Interpretation of Correlation

The value of correlation coefficient ranges from -1 to 1. The strength and direction of the correlation can be interpreted as follows:

  • -1 ≤ r < -0.7: Strong negative correlation
  • -0.7 ≤ r < -0.3: Moderate negative correlation
  • -0.3 ≤ r < 0: Weak negative correlation
  • 0: No correlation
  • 0 < r ≤ 0.3: Weak positive correlation
  • 0.3 < r ≤ 0.7: Moderate positive correlation
  • 0.7 < r ≤ 1: Strong positive correlation

Relationship between Covariance and Correlation Coefficient

Covariance and correlation coefficient are both measures of the relationship between two variables. While covariance provides information about the direction of the relationship (positive or negative), it does not provide any information about the strength of the relationship. In contrast, the correlation coefficient not only shows the direction of the relationship but also indicates the strength of the relationship on a standardized scale of -1 to 1.
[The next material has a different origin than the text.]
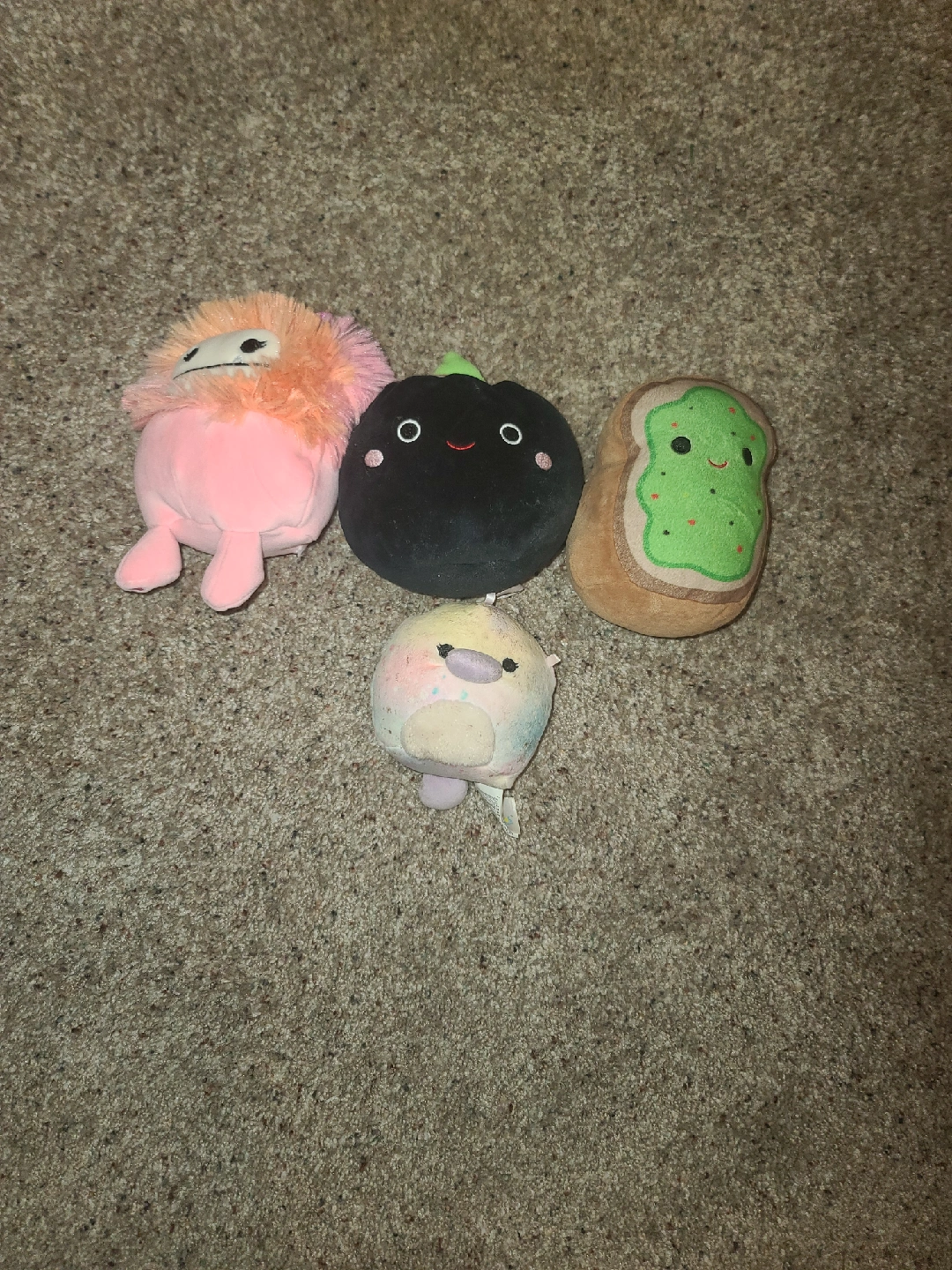 Selling a collection of cute Squishmallows plush toys! They're in great shape and ready for a new home. Perfect for cuddling or collecting. Includes a black pumpkin, a pink furry creature, an avocado toast, and a pastel-colored bird

The relationship between covariance and the Pearson's correlation coefficient can be expressed as follows:

r = \frac{cov(x, y)}{s_x s_y}

where:

  • r is the Pearson's correlation coefficient
  • cov(x, y) is the covariance between x and y
  • s_x and s_y are the standard deviations of x and y, respectively

In this equation, the Pearson's correlation coefficient is obtained by dividing the covariance by the product of the standard deviations of the two variables. This process standardizes the covariance so that the resulting correlation coefficient lies between -1 and 1, making it easier to interpret the strength of the relationship.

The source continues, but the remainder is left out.